• [What to do]: Copy out only the lines running from the one that contains "在趣味成长榜单发布环节,由讲" through the end of the listing. Pictures stay out.

• [Dataset excerpt]:

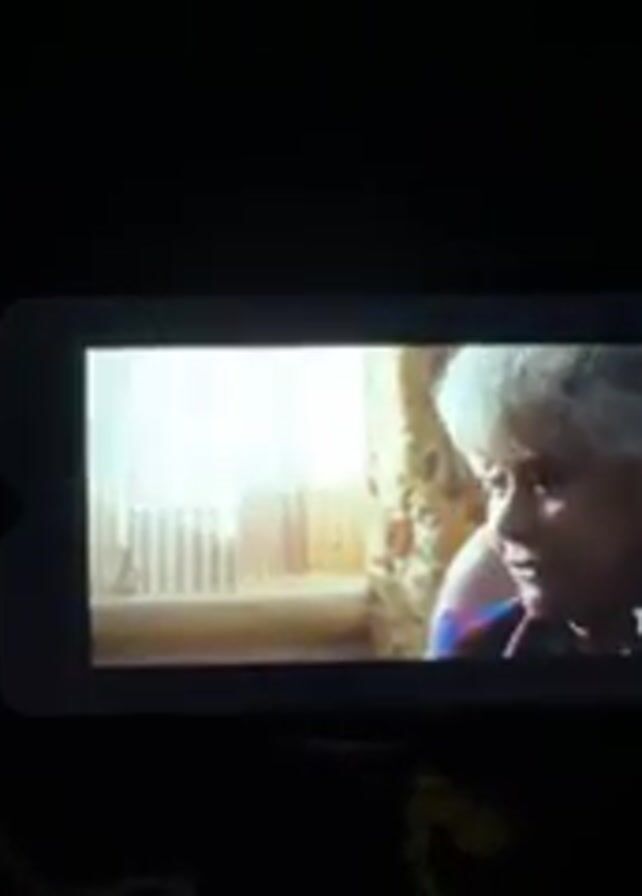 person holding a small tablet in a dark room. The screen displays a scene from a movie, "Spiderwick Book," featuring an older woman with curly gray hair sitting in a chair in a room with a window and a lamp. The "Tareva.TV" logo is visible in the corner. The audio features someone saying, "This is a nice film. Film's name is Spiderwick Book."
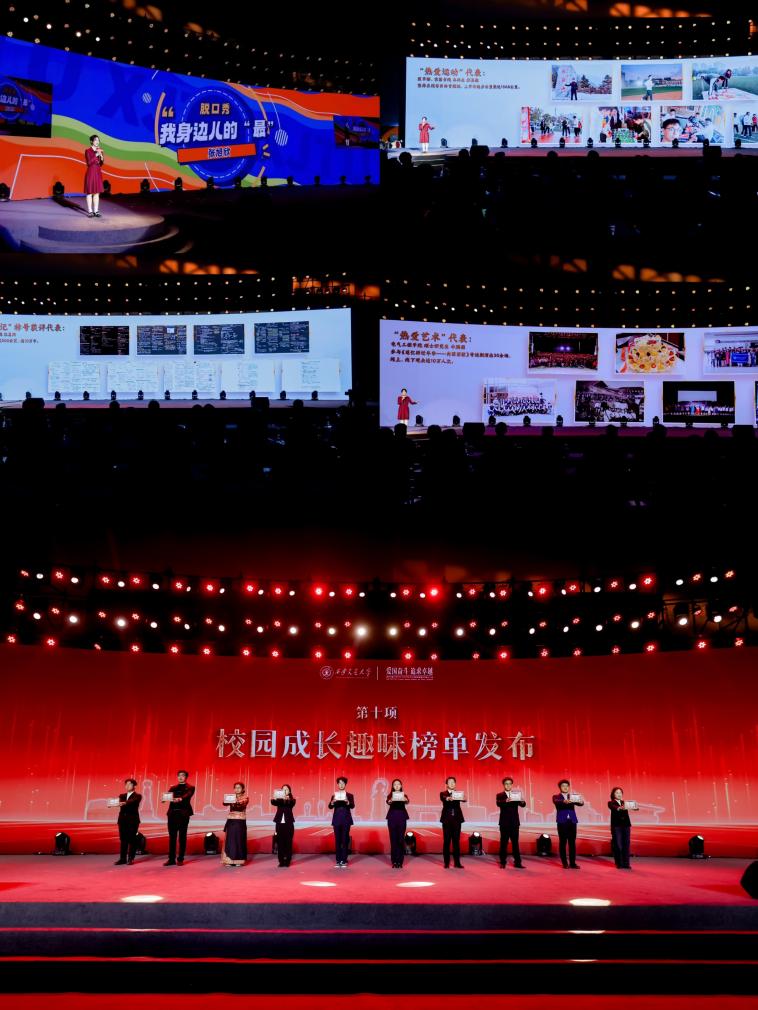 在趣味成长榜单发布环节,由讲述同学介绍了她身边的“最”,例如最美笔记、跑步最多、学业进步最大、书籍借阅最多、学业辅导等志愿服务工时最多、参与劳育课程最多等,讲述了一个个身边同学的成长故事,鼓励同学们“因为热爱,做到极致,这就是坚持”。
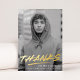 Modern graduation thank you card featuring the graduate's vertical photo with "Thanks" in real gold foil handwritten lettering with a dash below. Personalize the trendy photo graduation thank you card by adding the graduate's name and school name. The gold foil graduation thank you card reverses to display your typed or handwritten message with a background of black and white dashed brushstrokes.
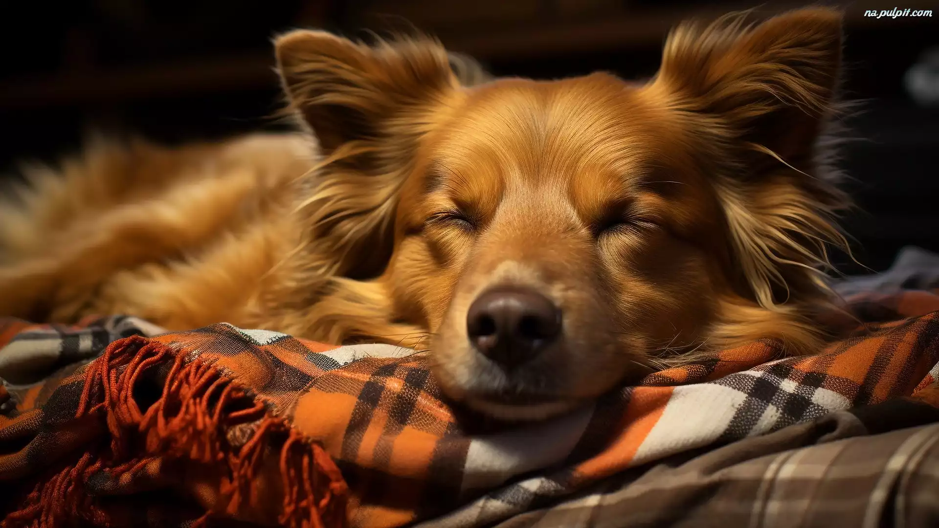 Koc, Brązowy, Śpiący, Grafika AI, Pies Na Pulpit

• [Your response]:
 在趣味成长榜单发布环节,由讲述同学介绍了她身边的“最”,例如最美笔记、跑步最多、学业进步最大、书籍借阅最多、学业辅导等志愿服务工时最多、参与劳育课程最多等,讲述了一个个身边同学的成长故事,鼓励同学们“因为热爱,做到极致,这就是坚持”。
 Modern graduation thank you card featuring the graduate's vertical photo with "Thanks" in real gold foil handwritten lettering with a dash below. Personalize the trendy photo graduation thank you card by adding the graduate's name and school name. The gold foil graduation thank you card reverses to display your typed or handwritten message with a background of black and white dashed brushstrokes.
 Koc, Brązowy, Śpiący, Grafika AI, Pies Na Pulpit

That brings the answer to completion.